### Exercise data

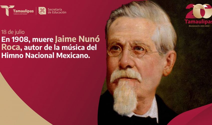 En 1908, muere Jaime Nunó Roca, compositor y director de orquesta, escribió las notas musicales que acompañan la letra de nuestro Himno Nacional; sus restos descansan en México en la Rotonda de las Personas Ilustres.
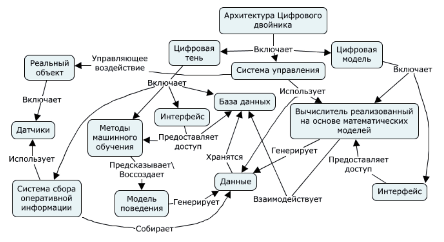 На рисунке 2 представлена онтология архитектуры ЦД солнечной электростанции, интегрирующая цифровую модель, цифровую тень, ММ, методы машинного обучения для прогнозирования погодных условий и др. Интеграция моделей осуществляется за счёт использования единого онтологического пространства знаний, в котором представлены отображения уровней систем, уровней управления, различных моделей и связей концептов в этих моделях. Использование онтологий на уровне проектирования ЦД позволило выявить основные информационные потоки, получаемые с объектов, формализовать основные факторы, которые необходимы для использования в ММ. На основе онтологического инжиниринга спроектированы БД, в которые поступают оперативные данные с датчиков, на основании этих данных строится цифровая модель.
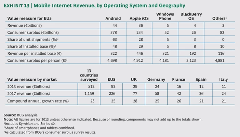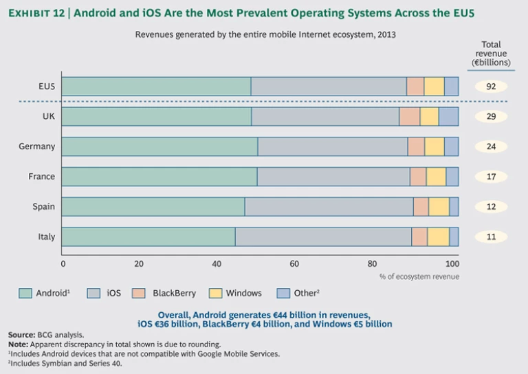 Today, Android accounts for 69 percent of devices sold in the EU5 and iOS accounts for 21 percent, while BlackBerry and Symbian have fallen to 4.2 percent and less than 0.5 percent, respectively. Android and iOS also account for most of the value generated in the EU5. (See Exhibits 12 and 13.)
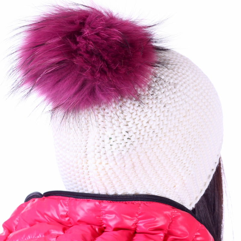 Warm knitted hat made of 50% wool and 50% acrylic. The pompon is made of real leather.

### Problem description
Make a word-for-word repeat of the material, skipping all pictures.

### Expected output
 En 1908, muere Jaime Nunó Roca, compositor y director de orquesta, escribió las notas musicales que acompañan la letra de nuestro Himno Nacional; sus restos descansan en México en la Rotonda de las Personas Ilustres.
 На рисунке 2 представлена онтология архитектуры ЦД солнечной электростанции, интегрирующая цифровую модель, цифровую тень, ММ, методы машинного обучения для прогнозирования погодных условий и др. Интеграция моделей осуществляется за счёт использования единого онтологического пространства знаний, в котором представлены отображения уровней систем, уровней управления, различных моделей и связей концептов в этих моделях. Использование онтологий на уровне проектирования ЦД позволило выявить основные информационные потоки, получаемые с объектов, формализовать основные факторы, которые необходимы для использования в ММ. На основе онтологического инжиниринга спроектированы БД, в которые поступают оперативные данные с датчиков, на основании этих данных строится цифровая модель.
 Today, Android accounts for 69 percent of devices sold in the EU5 and iOS accounts for 21 percent, while BlackBerry and Symbian have fallen to 4.2 percent and less than 0.5 percent, respectively. Android and iOS also account for most of the value generated in the EU5. (See Exhibits 12 and 13.)
 Warm knitted hat made of 50% wool and 50% acrylic. The pompon is made of real leather.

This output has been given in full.